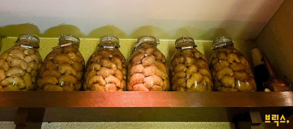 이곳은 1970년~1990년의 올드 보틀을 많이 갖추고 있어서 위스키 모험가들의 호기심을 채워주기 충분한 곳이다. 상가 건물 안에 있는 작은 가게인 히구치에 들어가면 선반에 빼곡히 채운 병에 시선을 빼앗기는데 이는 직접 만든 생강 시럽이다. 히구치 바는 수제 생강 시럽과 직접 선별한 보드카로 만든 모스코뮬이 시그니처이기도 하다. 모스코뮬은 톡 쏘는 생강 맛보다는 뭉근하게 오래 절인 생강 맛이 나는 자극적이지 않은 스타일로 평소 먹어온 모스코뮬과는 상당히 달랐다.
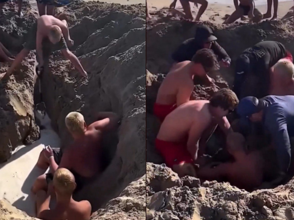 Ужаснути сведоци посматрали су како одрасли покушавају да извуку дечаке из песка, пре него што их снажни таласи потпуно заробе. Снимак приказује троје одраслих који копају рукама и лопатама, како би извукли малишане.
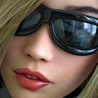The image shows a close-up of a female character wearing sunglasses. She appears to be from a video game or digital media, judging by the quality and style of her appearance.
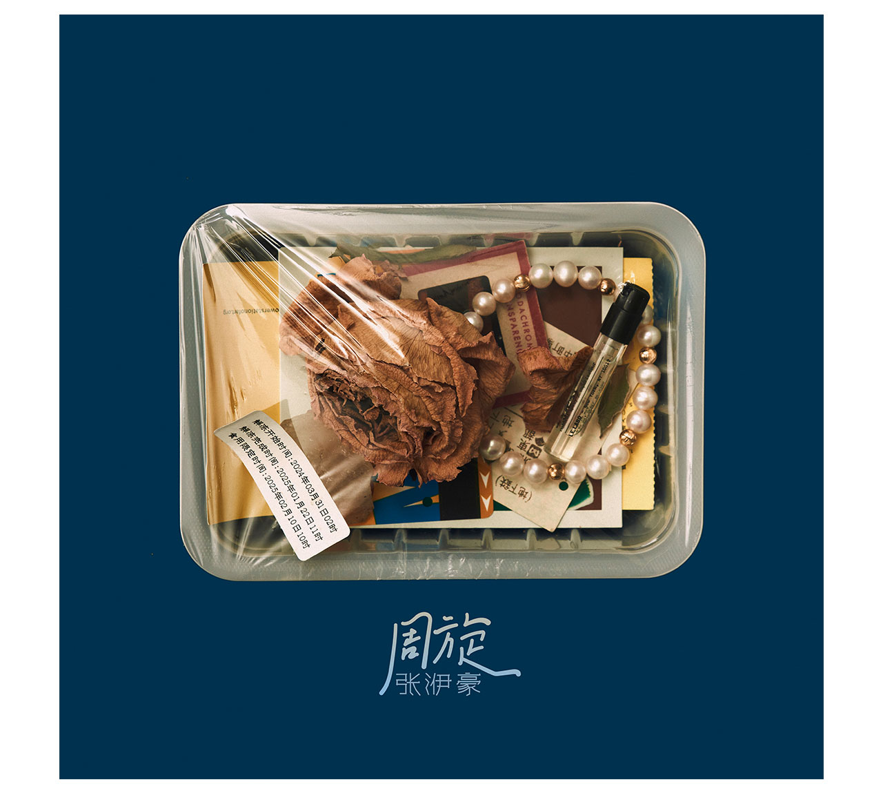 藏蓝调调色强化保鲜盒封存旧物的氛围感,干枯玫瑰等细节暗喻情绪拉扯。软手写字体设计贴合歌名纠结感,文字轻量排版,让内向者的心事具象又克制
- - - - - - -
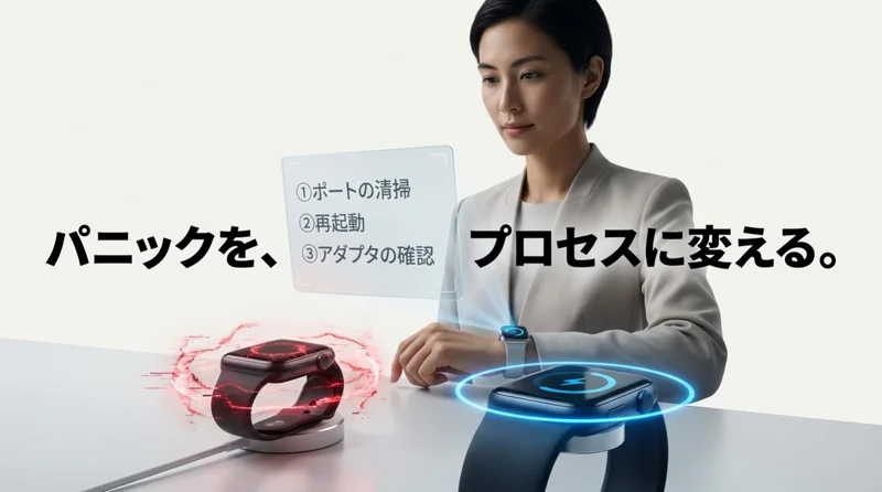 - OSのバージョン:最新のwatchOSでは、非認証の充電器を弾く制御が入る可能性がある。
- - - - - - -
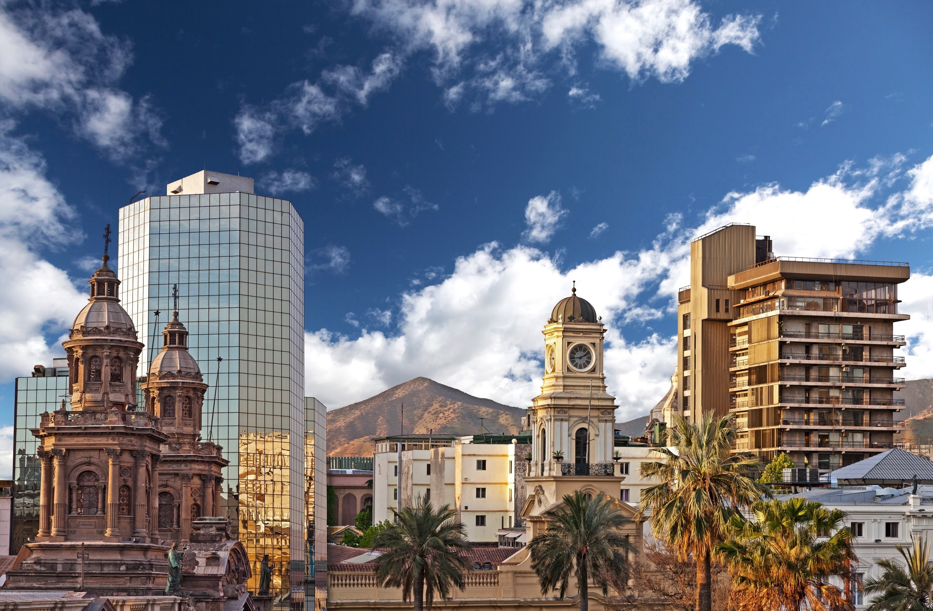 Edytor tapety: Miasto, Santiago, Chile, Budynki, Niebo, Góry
- - - - - - -
**How to complete this task**: Quote the lines above exactly, starting with the one that has "The image shows" and ending with the one that has "藏蓝调调色强化保鲜盒封存旧物"; drop the pictures and include nothing else.

**Task response**:
The image shows a close-up of a female character wearing sunglasses. She appears to be from a video game or digital media, judging by the quality and style of her appearance.
 藏蓝调调色强化保鲜盒封存旧物的氛围感,干枯玫瑰等细节暗喻情绪拉扯。软手写字体设计贴合歌名纠结感,文字轻量排版,让内向者的心事具象又克制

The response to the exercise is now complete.